*** DATASET ENTRIES ***

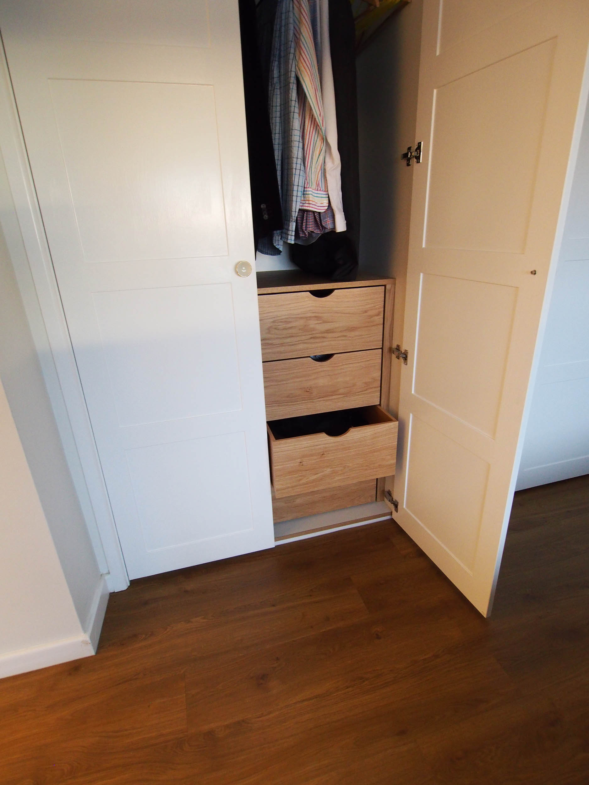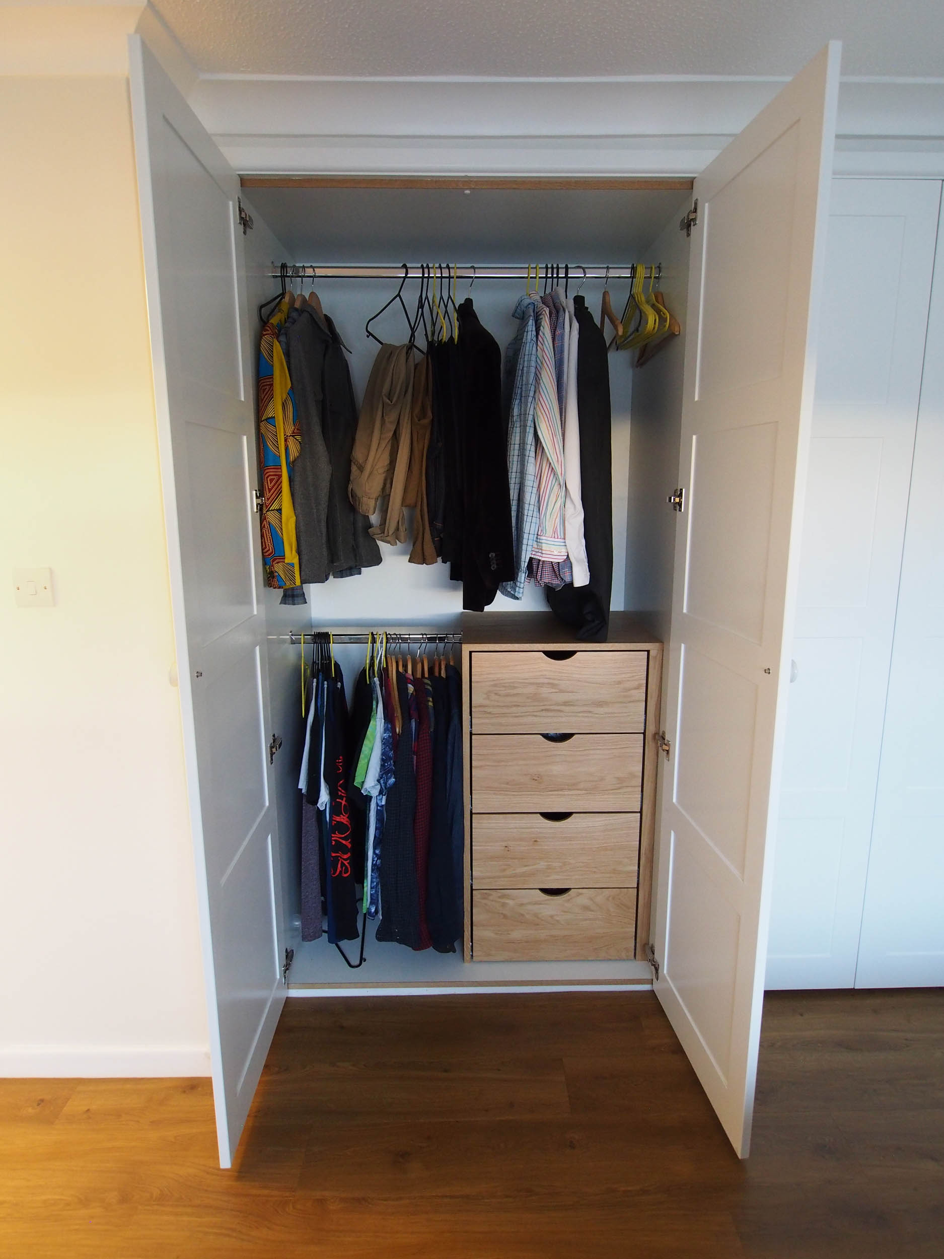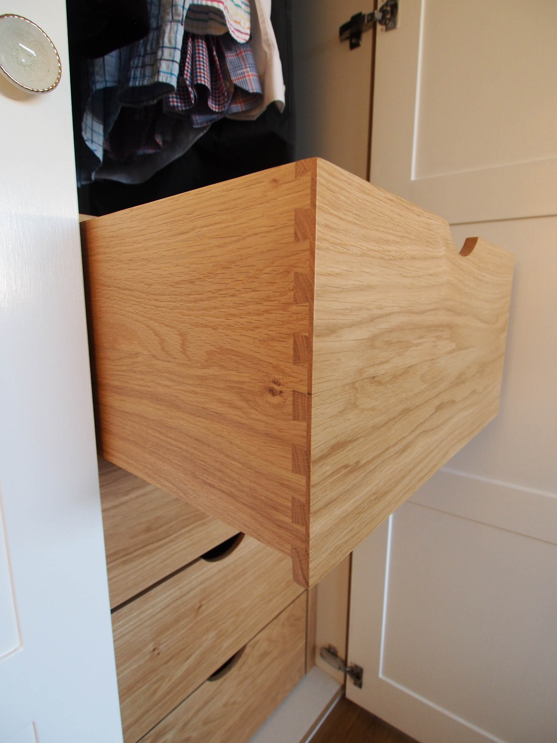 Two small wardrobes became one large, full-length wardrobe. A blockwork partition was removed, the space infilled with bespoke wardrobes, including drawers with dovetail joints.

***
*** DATASET ENTRIES ***

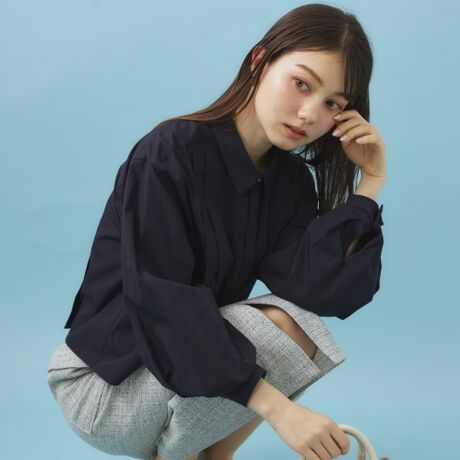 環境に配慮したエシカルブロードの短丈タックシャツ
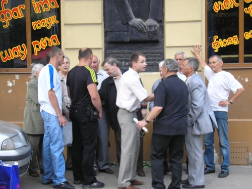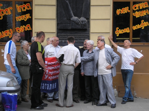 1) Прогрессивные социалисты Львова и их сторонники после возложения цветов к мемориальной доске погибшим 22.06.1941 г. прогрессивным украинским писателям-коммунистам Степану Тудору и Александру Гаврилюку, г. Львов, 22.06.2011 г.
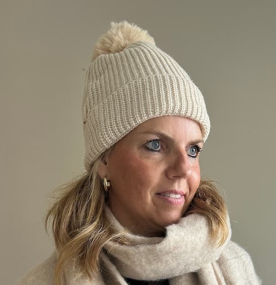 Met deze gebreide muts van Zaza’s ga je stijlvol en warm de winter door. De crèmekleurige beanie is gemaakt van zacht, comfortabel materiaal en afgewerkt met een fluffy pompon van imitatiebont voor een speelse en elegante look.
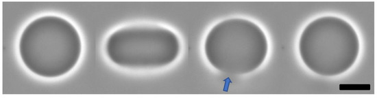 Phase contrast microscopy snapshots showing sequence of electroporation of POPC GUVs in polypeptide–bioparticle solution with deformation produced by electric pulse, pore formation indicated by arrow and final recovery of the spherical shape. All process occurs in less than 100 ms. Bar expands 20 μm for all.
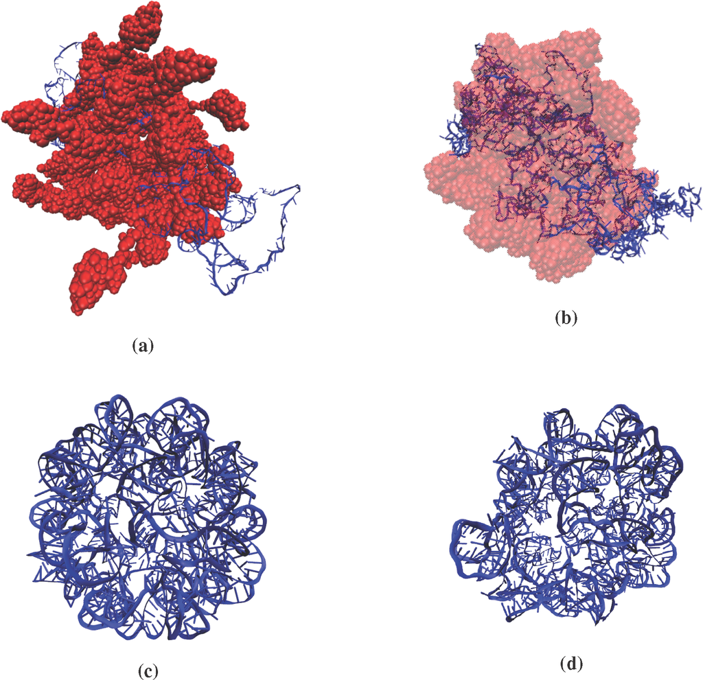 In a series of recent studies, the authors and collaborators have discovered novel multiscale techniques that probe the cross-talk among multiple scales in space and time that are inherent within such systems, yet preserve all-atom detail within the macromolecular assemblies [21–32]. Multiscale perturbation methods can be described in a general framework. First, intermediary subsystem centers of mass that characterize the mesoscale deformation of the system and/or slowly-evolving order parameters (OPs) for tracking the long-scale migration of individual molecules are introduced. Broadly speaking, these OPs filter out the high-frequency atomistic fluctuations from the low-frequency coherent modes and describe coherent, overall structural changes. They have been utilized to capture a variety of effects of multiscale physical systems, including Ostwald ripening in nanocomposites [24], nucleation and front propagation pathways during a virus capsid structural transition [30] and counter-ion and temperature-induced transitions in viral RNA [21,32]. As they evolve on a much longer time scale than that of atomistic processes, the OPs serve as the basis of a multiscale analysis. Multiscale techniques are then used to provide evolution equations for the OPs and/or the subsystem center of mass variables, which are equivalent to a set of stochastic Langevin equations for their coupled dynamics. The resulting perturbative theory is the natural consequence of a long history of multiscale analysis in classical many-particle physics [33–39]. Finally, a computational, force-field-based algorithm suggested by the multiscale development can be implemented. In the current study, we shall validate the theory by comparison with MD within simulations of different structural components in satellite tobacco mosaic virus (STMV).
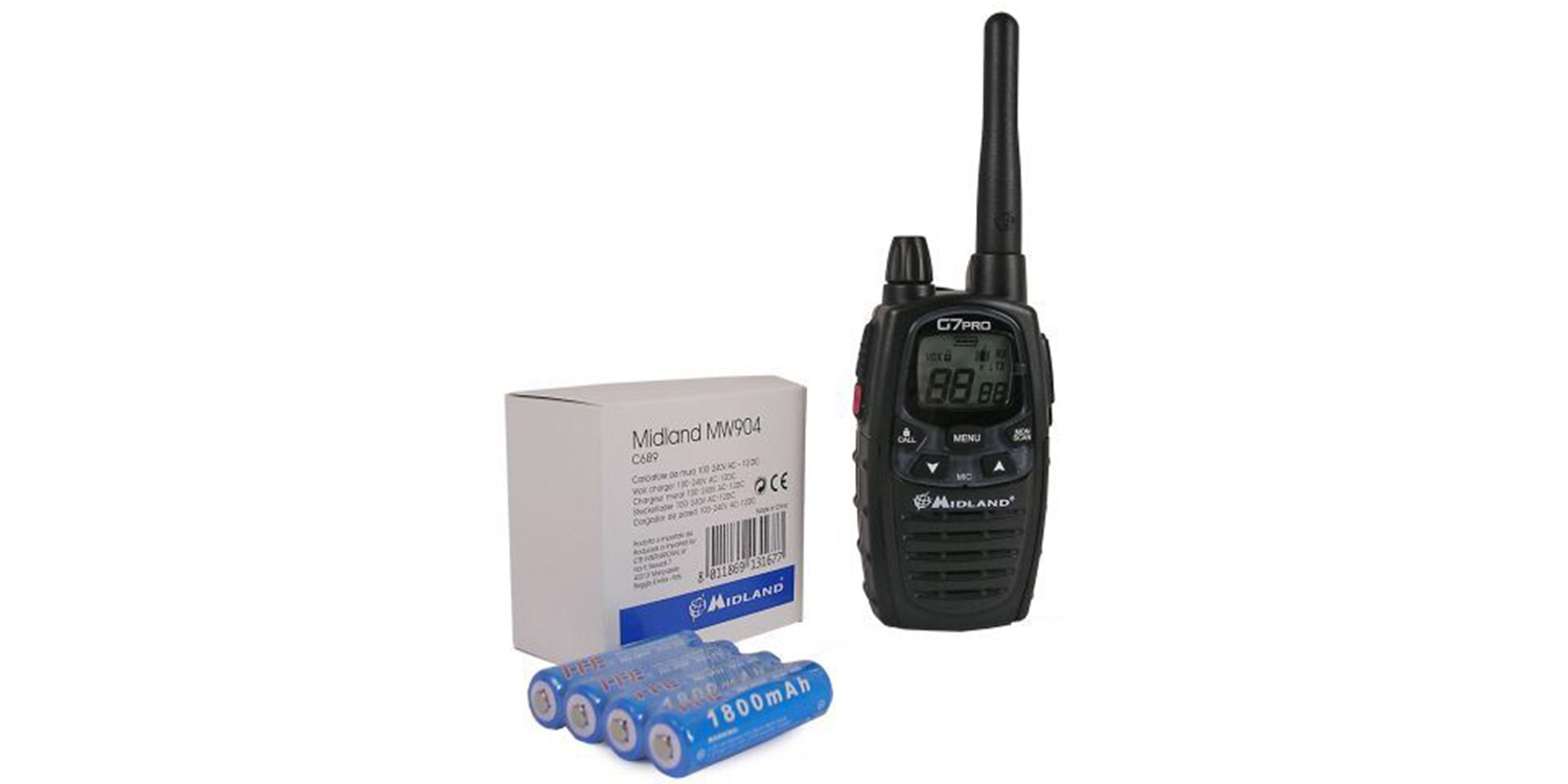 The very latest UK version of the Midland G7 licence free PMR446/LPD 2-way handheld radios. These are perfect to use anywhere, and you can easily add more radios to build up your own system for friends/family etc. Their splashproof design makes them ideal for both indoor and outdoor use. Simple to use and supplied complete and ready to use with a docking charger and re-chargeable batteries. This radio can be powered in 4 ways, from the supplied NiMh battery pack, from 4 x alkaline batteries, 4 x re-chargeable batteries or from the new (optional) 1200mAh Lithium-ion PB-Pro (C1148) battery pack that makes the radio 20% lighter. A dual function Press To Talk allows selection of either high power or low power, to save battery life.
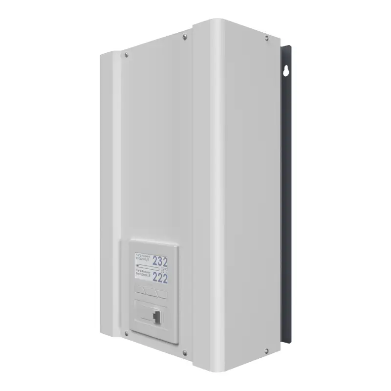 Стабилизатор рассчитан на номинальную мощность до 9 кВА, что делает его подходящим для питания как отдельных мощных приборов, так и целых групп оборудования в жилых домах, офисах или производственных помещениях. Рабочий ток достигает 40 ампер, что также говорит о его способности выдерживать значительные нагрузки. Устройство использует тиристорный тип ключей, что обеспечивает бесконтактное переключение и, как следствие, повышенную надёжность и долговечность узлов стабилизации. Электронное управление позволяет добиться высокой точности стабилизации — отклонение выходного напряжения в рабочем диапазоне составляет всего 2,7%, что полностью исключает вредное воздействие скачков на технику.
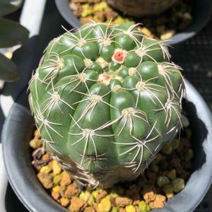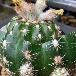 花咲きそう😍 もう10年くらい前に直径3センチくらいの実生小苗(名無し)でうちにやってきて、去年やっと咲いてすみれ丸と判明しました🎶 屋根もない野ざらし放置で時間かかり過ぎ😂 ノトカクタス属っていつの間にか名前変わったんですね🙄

***

■ **WORK INSTRUCTIONS**:
With the pictures omitted, copy the entries above exactly from the line containing "Met deze gebreide" through the line containing "Phase contrast microscopy", both lines included.

■ **RESULT OF THE TASK**:
 Met deze gebreide muts van Zaza’s ga je stijlvol en warm de winter door. De crèmekleurige beanie is gemaakt van zacht, comfortabel materiaal en afgewerkt met een fluffy pompon van imitatiebont voor een speelse en elegante look.
 Phase contrast microscopy snapshots showing sequence of electroporation of POPC GUVs in polypeptide–bioparticle solution with deformation produced by electric pulse, pore formation indicated by arrow and final recovery of the spherical shape. All process occurs in less than 100 ms. Bar expands 20 μm for all.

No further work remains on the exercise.